De paso, Barantán insinuó que los dioses conocen más aceleraciones que yo o que Derguín. El filósofo Numerista Ahri, un genio de las matemáticas, está esforzándose desde entonces en deducir las fórmulas numéricas de la cuarta y la quinta aceleración. Si las averigua, seguiremos siendo inferiores a los dioses, pero supondrá una gran ayuda.
Entre los setecientos guerreros cabalgan conmigo mi hijo Darkos, Ahri, Gavilán, y también el antiguo espía Kybes y Baoyim, que debe servirnos de mediadora con sus hermanas las Atagairas para que nos permitan atravesar los túneles que atajan por debajo de sus montañas. Por Baoyim tuve una discusión con Aidé. Mi corazón está lleno de amargura, porque nos hemos despedido con frialdad, y tal vez no volvamos a vernos. Gracias a los poderes de Mikhon Tiq, sé que Aidé lleva en su vientre un hijo mío. ¿A quién rogaré que me conceda volver a reunirme con ella, si los dioses a los que rezábamos han demostrado ser nuestros enemigos?
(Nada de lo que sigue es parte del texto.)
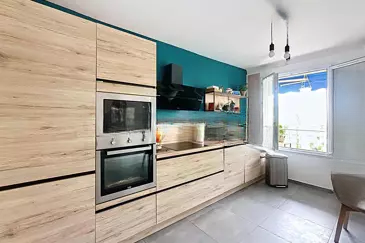 Находится в зелёной зоне, в непосредственной близости от всех удобств, этот светлый двухкомнатный апартамент площадью 54 м² расположен на 2-м этаже хорошо ухоженной резиденции. Полностью отремонтирован два года назад, он включает просторную гостиную с открытой кухней площадью 32 м², выходящую на террасу, ориентированную на запад, с панорамным видом. Спальня 13 м² с встроенным гардеробом.

Durante el camino enviamos y recibimos cayanes. Las noticias vuelan con ellos por toda Tramórea. Sé que en muchas otras ciudades han despertado más estatuas divinas para sembrar el terror y la muerte. Se rumorea que las rocas que cayeron del cielo han destruido nuestra antigua fortaleza de Mígranz, y que de paso han aniquilado a un ejército Trisio y a otro Ainari, y que tal vez en la catástrofe ha perecido el emperador Togul Barok.
¿Será verdad que el tiempo de los humanos ha terminado? No lo sé, pero no renunciaré al que a mí me toca sin luchar. Mientras me quede un hálito de vida, combatiré a estos dioses crueles y soberbios.
No todo es desesperación. Anoche, en las pocas horas que dormimos entre los Khrumi, tuve un sueño. En él se me apareció un hombre muy grande. Tenía la barba roja, una pierna tullida y un ojo tapado por un parche. Cuando comprendí que era un dios, traté de levantarme para acometerlo. Pero él me dijo:
«Detente, Kratos. No soy tu enemigo».
«Entonces, ¿qué pretendes al perturbar mis sueños?».
«Decirte que tengas paciencia, y que consigas mantenerte con vida hasta llegar a las tierras de Agarta».
«No sé qué país es ése».
«Lo sabrás».
«¿Qué me espera allí?».
«Un arma».
«¿Qué clase de arma?».
«¿Cuál puede blandir un Tahedorán como tú? Estoy forjando una hoja de acero. Pronto me adentraré en las llamas del Prates para bañarla en su fuego. Aguanta con vida, tah Kratos. Cuando llegues a Agarta, sube a la montaña Estrellada y blandirás tu propia espada de poder. Así te lo promete Tarimán, el dios herrero que forjó a Zemal».
De modo que cabalgo al este con temor, pero también con esperanza. En la guerra que acaba de empezar, Kratos May aún tendrá algo que decir.